In het begin van haar carrière werkte Yonda Poslavsky in een a&o-praktijk. Daar kreeg ze iemand in behandeling die door de bedrijfsarts verwezen was. Hij was manager van een grote organisatie en had veel angstklachten. Hij durfde bijvoorbeeld geen koffie te drinken of te eten in het openbaar, durfde geen handen te schudden, hij wilde niet naar het toilet als iemand het zag, mensen mochten zijn handschrift niet zien.

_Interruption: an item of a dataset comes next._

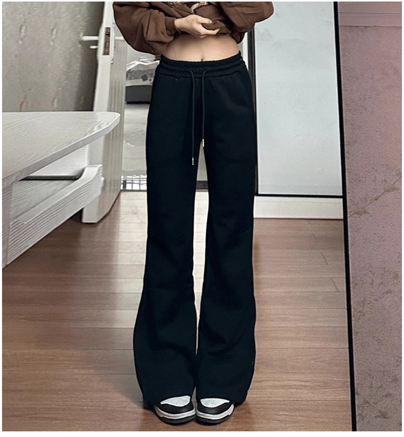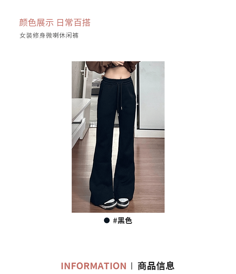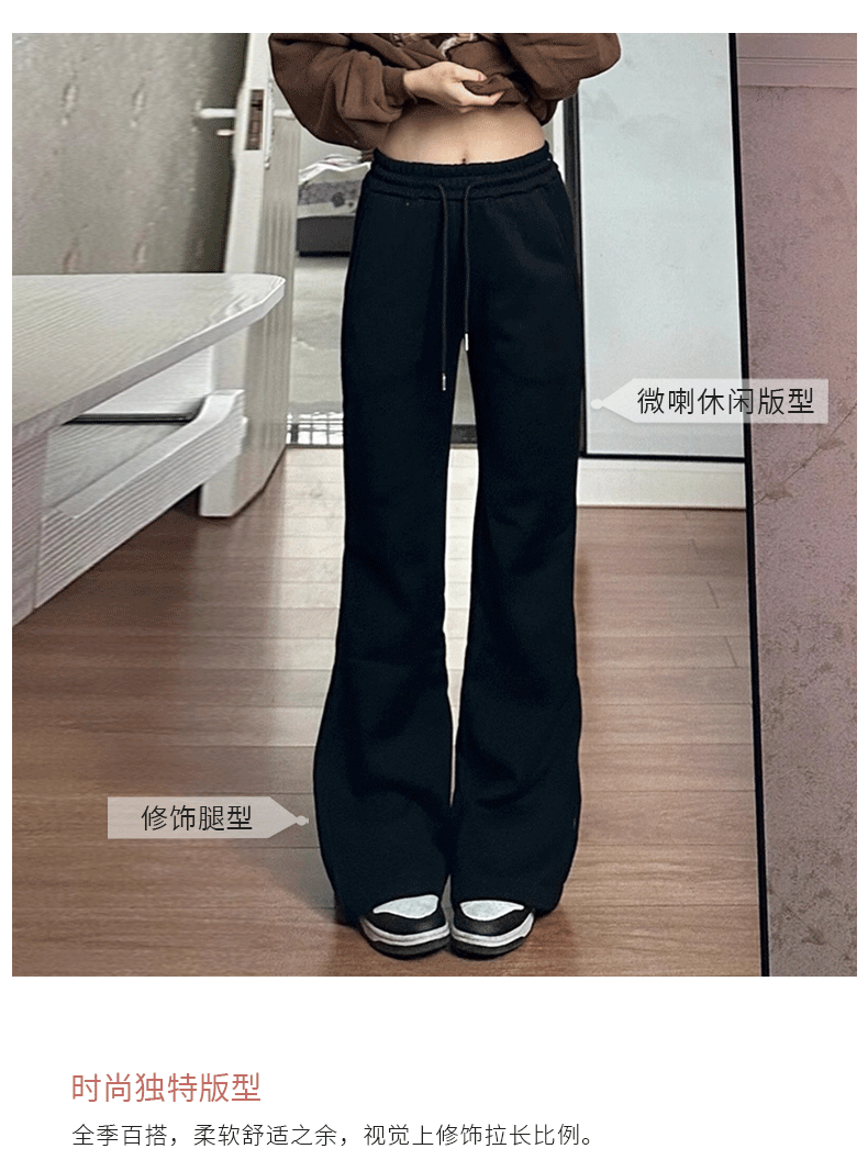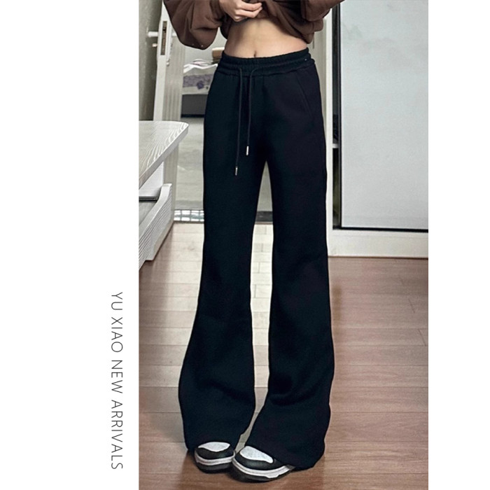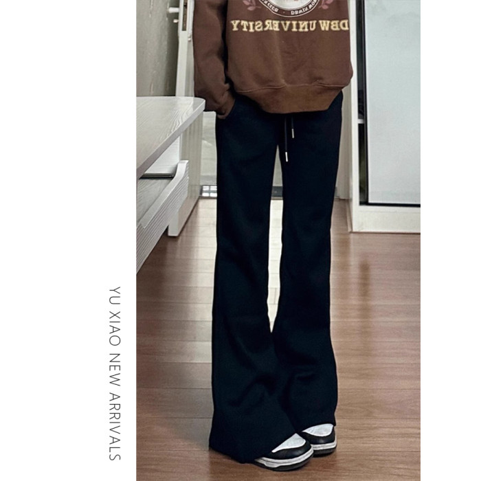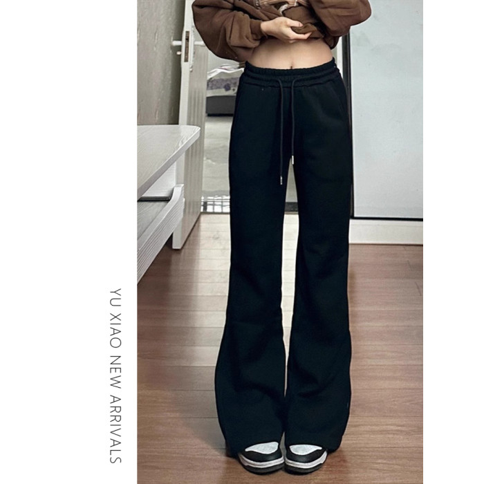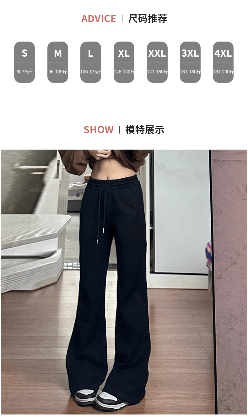 黑色休閒微喇褲女春季新款大碼顯瘦胖mm彈力梨形身材運動喇叭衛褲

En hij durfde niet te rijden op de snelweg. Dat laatste was zijn grootste handicap. Want zo kon hij zijn werk niet doen.
Poslavsky had alles met hem gedaan wat ze kon bedenken en wat protocollair mogelijk was. ‘Het werd steeds onbevredigender. Na acht sessies waren we geen millimeter opgeschoten, de bedrijfsarts zou wel snel willen weten hoe het ermee stond. Mijn cliënt worstelde er al lang mee, ik gunde hem zo erg een succeservaring.’
Op die dag stond haar eigen auto bij de garage, ze was met een leenauto en opeens kreeg Poslavsky een idee. ‘Ik ving hem buiten op, gaf hem de sleutel en zei dat we gingen rijden. Achter het stuur kreeg hij in de gaten dat ik naar de snelweg wilde en raakte hij in paniek. Ik zei dat hij moest zingen, want hyperventileren en zingen, dat gaat niet samen. We begonnen bij Berend Botje, eindigden bij U2 en zo hebben we over de snelweg gereden. Het hielp.’
Toch was haar baas er minder blij mee. ‘Dit kon echt niet, ik had mijn cliënt en mezelf in gevaar gebracht. Inmiddels ben ik er ook van overtuigd dat het verkeerd was. Maar toch … de man was geholpen. Na die sessie konden we ook aan zijn andere fobieën werken, het ging moeizaam, maar we maakten vorderingen.’
Poslavsky krijgt nog altijd een kerstkaart van hem en ieder jaar komt hij een keer koffiedrinken. ‘We hebben het erover gehad. Allebei weten we dat het geen goede interventie was, maar we weten ook dat er waarschijnlijk geen andere manier was geweest waarop we iets hadden kunnen bereiken. Dit doe ik nooit meer, maar toch… Sindsdien besef ik wel hoe belangrijk je intuïtie is.’